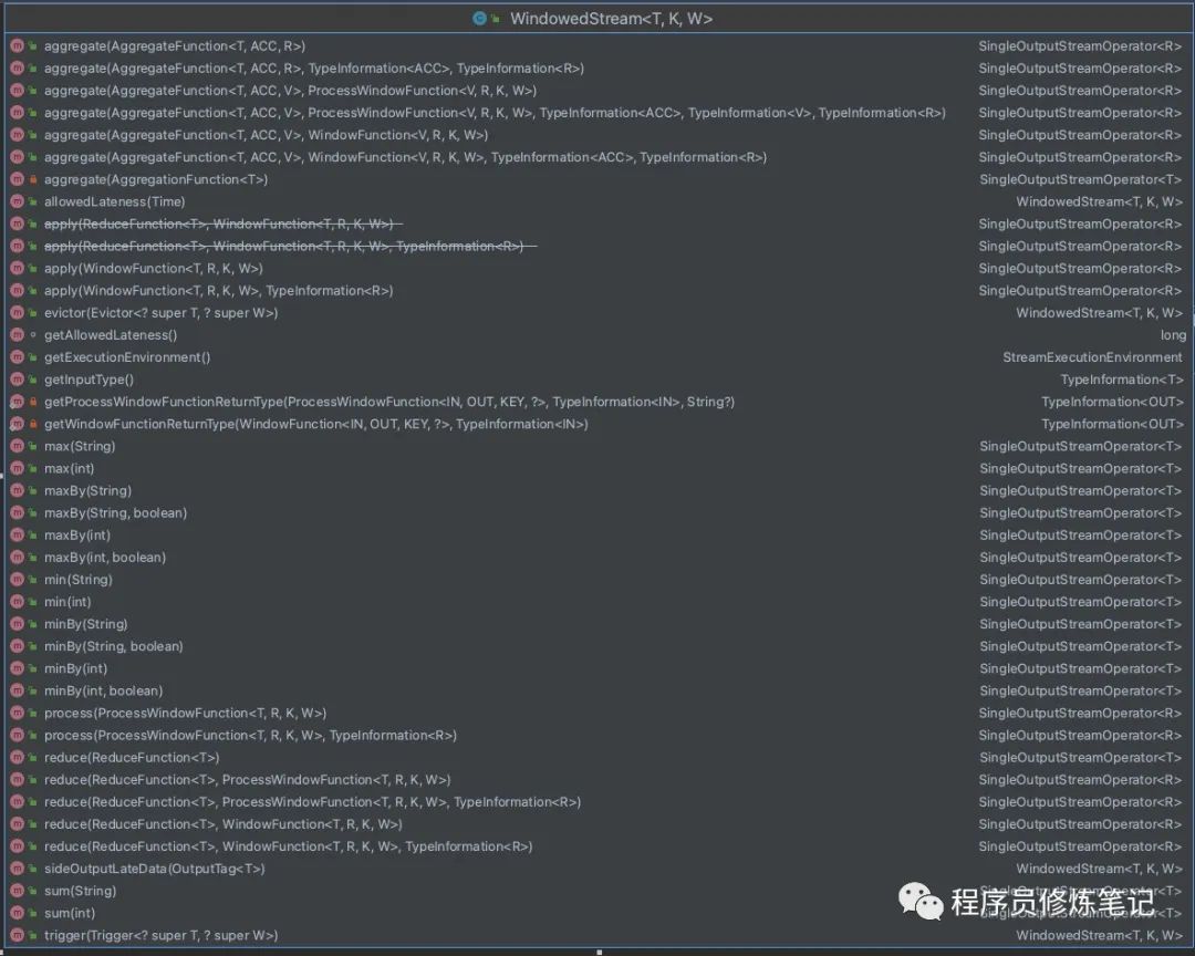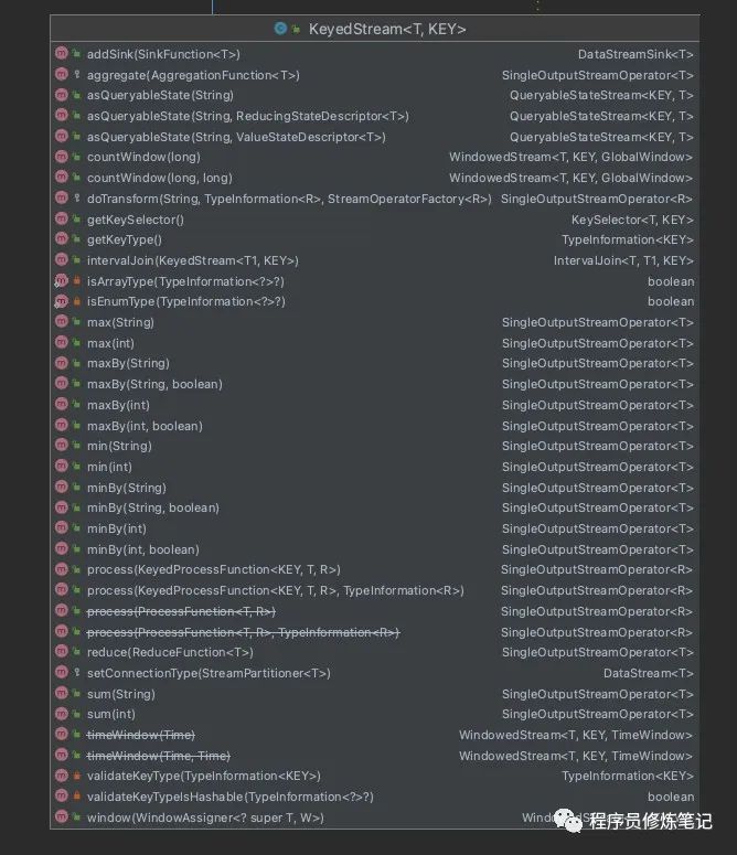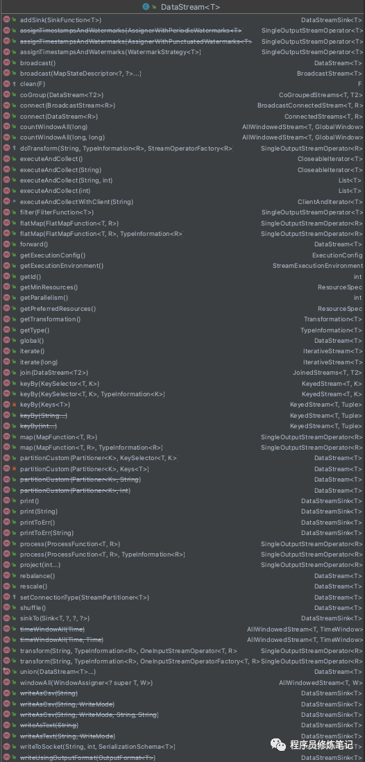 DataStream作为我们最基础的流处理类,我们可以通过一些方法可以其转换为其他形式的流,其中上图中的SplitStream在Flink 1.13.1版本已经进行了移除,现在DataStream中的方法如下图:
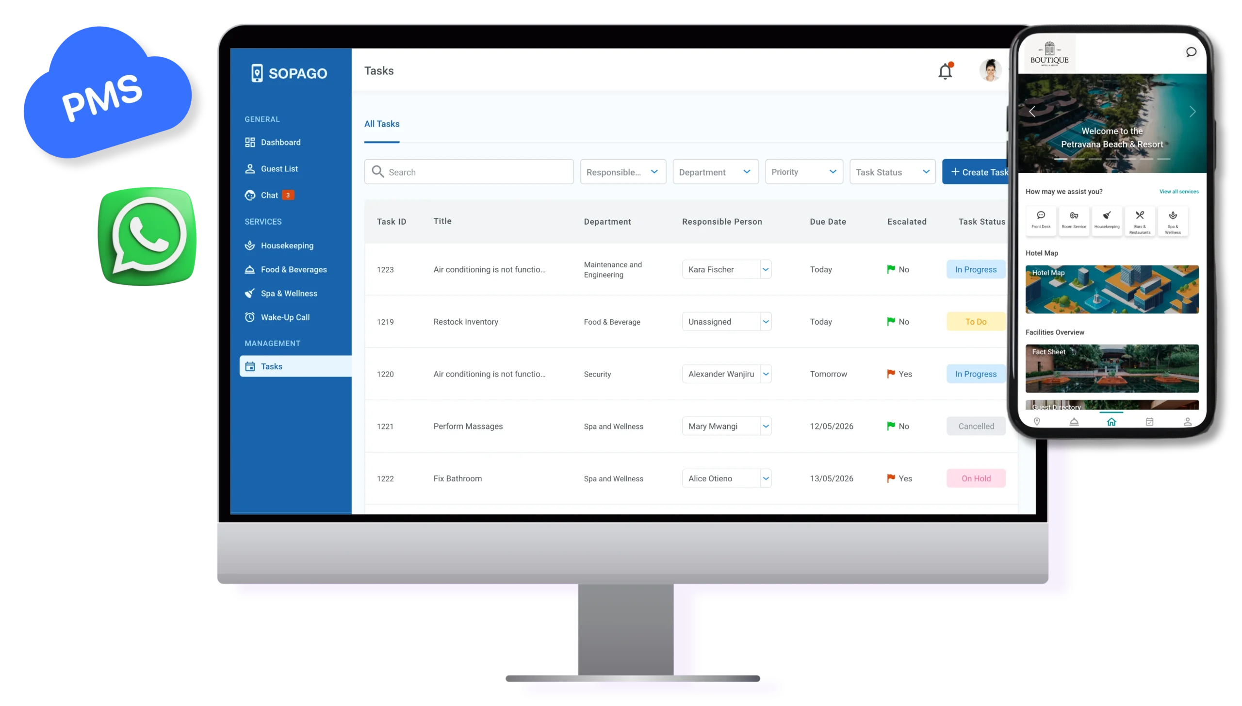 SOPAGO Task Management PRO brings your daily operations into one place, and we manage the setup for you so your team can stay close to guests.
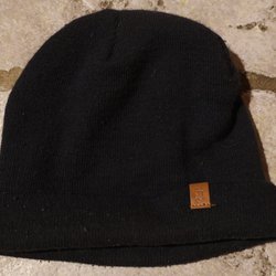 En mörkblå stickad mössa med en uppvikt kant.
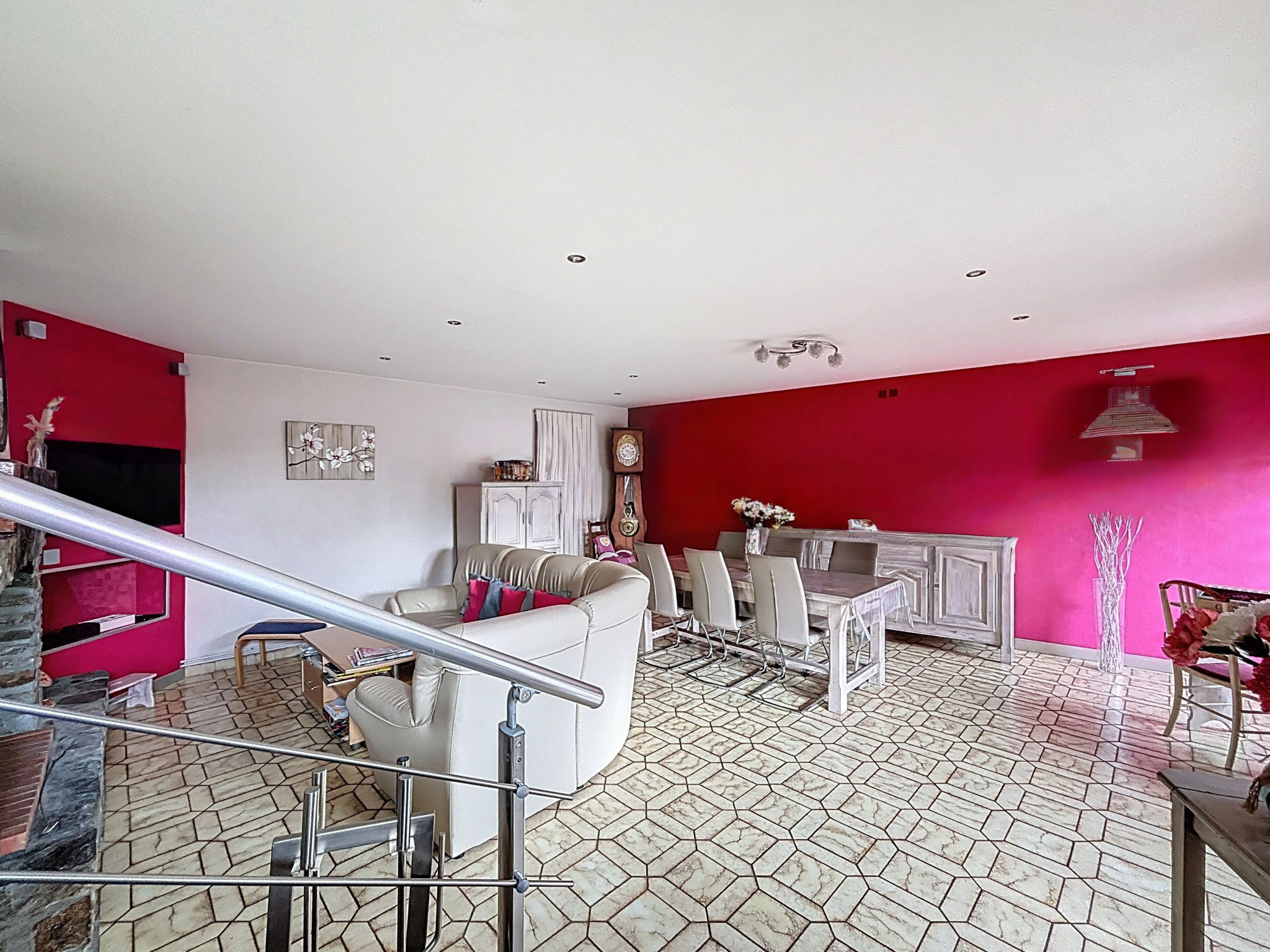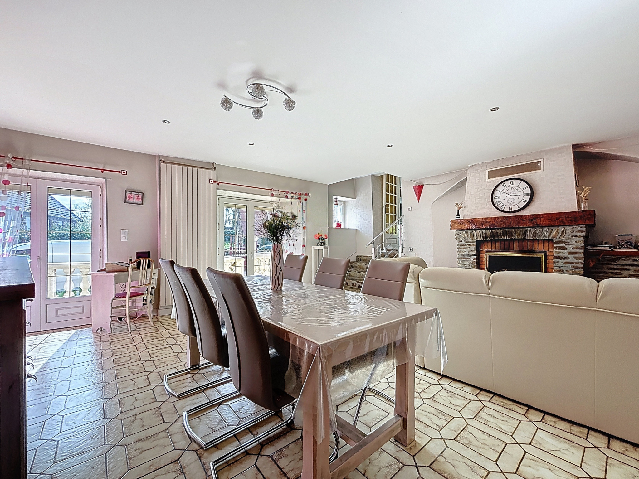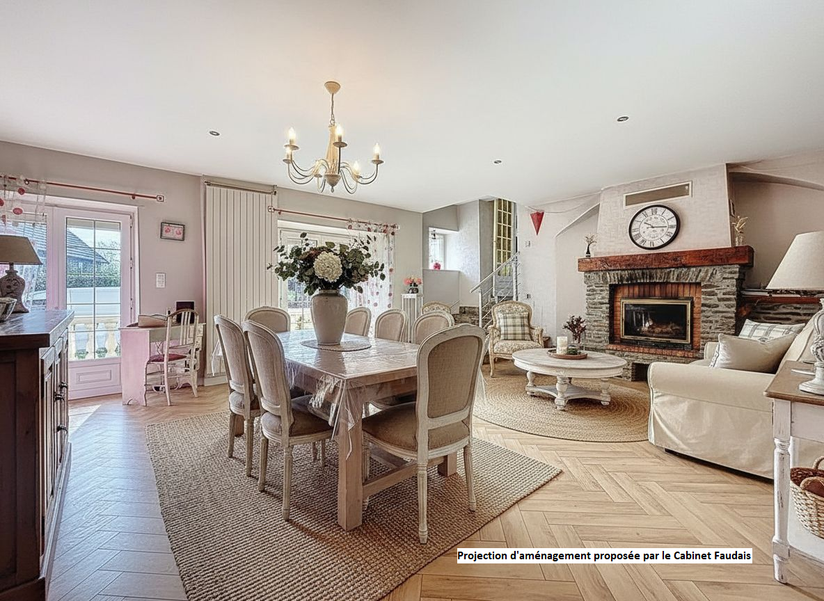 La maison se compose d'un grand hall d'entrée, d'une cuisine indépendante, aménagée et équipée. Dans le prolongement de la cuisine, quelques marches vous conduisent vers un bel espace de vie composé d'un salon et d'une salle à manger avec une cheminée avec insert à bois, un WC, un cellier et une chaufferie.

▸ **What you are asked to do**: Begin with the line holding "En mörkblå stickad" and end with the last line of the listing. Reproduce each of those lines exactly, and leave every picture out.

▸ **Answer to this task**:
 En mörkblå stickad mössa med en uppvikt kant.
 La maison se compose d'un grand hall d'entrée, d'une cuisine indépendante, aménagée et équipée. Dans le prolongement de la cuisine, quelques marches vous conduisent vers un bel espace de vie composé d'un salon et d'une salle à manger avec une cheminée avec insert à bois, un WC, un cellier et une chaufferie.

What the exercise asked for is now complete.